A caravan was starting for Egypt, and as the Bethlehem khan was the first night's rest after leaving Zion, many friends of the travelers had come with them from Jerusalem and were now sorrowfully saying their last farewells. Naomi stood watching an old father tenderly kiss his departing son upon either cheek and then lay his hand upon the boy's head in blessing. A little lad, carrying his pet monkey, was lifted to the back of a camel, and Naomi was staring so intently that she did not see the serving-lad Jacob until he was close upon her.

"Thy aunt calls for thee," said he to Naomi. "The cart stands ready loaded and we start as soon as thou hast eaten."
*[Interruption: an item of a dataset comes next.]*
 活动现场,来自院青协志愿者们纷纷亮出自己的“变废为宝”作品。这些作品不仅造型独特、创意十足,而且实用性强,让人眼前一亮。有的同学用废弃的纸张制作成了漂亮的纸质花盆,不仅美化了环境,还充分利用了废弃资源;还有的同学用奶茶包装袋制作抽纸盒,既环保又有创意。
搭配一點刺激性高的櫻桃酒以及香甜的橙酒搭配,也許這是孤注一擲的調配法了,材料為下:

"I would that we were going down into Egypt, Jacob," said Naomi, skipping toward the house as she spoke. "To ride to Jerusalem is nothing. We shall be back to-morrow in this very spot."
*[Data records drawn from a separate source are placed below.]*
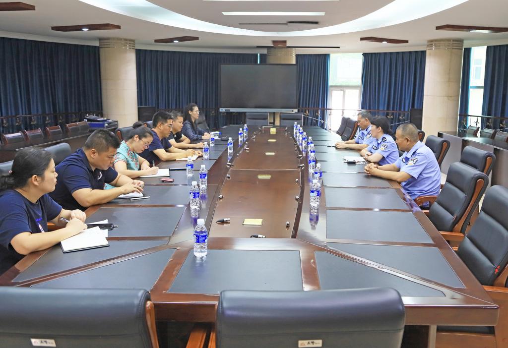 为进一步加强警校联动,全面落实“一校一警”制度,9月8日上午,我校所在辖区临江路派出所相关负责人和两名驻校民警到校接洽驻校工作。派出所民警一行人参观校园警务室,熟悉了解了工作场地和环境,并与学校保卫部(处)负责人及相关工作人员在三楼会议室进行了工作交流。
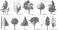 • Collection of ten diverse grey sketched trees with varied foliage and trunk styles on a white background
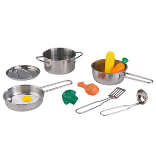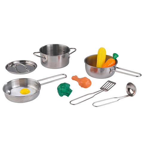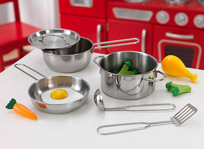 With our real metal, kid-sized KidKraft Deluxe Cookware Set with food, little chefs can pretend to cook just like Mom and Dad. This 11-piece set is built to stand up to even the most enthusiastic imaginations for years to come. With a pot, pans, utensils and play food, this set is ready to enjoy right out of the box, or with any of our kitchen playsets.
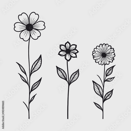 Elegant Black and White Flower Drawings Botanical Illustrations Floral Designs Printable Art

"Aye, if the robbers do not catch us," answered Jacob, wagging his head wisely. It was the first time he had been trusted to ride to Jerusalem with a load, and the responsibility weighed heavily upon him.

"Robbers? Aunt Miriam, will there be robbers on the way to-day, think you?"

Aunt Miriam paused in her brisk stepping about the room.

"Here is a bowl of hot pottage and a warm cake for thee, Naomi. Eat all of it," she commanded. "And talk not to me of robbers. In truth, there are as many robbers in the khan at Bethlehem as upon the length of Jerusalem highway. The caravan to Egypt will pay for straw for six camels and ten mules, will they, when I myself counted no less than twenty animals in their train? Jacob, bring hither the leader of the caravan that I may talk with him. Robbers, indeed! Robbers!"

Aunt Miriam's red cheeks and flashing eyes boded ill for the leader of the caravan for Egypt.

Naomi ate her lentil pottage and munched her cake leisurely in a quiet corner, but she had long finished her meal when Aunt Miriam was at last satisfied and ready to start.

The bullock cart stood loaded with baskets piled high with great bunches of purple grapes. Over them were spread the dewy green leaves of the vine to protect the fruit from the sun and to keep it fresh and moist.

Aunt Miriam, with a sigh of relief, settled herself in place in the front of the cart. Naomi was tucked into a comfortable corner between two great brown baskets of woven rushes. Jacob, standing at the cattle's head, cracked his long whip, the animals strained forward, the cart wheels creaked and turned, and they were off for Jerusalem.